• [To do] Return the data below exactly, but only from the line containing "Барашкова Е.А. Грамматика" through the line containing "Quel panno che", with both of those lines included.

• [Information supplied]
= = =

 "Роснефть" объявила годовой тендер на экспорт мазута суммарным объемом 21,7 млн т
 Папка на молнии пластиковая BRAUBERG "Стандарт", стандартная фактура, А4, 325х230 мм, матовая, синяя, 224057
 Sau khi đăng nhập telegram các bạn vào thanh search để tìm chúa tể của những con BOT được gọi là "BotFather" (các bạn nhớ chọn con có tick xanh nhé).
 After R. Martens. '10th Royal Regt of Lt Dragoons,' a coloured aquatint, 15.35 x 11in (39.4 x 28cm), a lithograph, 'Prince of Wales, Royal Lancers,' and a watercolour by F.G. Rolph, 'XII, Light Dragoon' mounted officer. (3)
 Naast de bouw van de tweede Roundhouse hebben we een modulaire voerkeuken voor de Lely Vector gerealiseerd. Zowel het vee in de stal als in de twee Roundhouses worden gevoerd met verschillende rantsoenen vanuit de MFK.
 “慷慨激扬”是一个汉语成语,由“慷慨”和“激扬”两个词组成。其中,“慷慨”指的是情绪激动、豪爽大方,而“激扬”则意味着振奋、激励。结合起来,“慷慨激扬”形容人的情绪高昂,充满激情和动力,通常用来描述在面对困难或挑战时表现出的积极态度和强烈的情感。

= = =

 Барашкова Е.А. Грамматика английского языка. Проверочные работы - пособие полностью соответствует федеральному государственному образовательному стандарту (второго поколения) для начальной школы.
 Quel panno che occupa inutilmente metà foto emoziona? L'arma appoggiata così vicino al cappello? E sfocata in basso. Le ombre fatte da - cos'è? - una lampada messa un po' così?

= = =

• [Answer to the problem]
 Барашкова Е.А. Грамматика английского языка. Проверочные работы - пособие полностью соответствует федеральному государственному образовательному стандарту (второго поколения) для начальной школы.
 Quel panno che occupa inutilmente metà foto emoziona? L'arma appoggiata così vicino al cappello? E sfocata in basso. Le ombre fatte da - cos'è? - una lampada messa un po' così?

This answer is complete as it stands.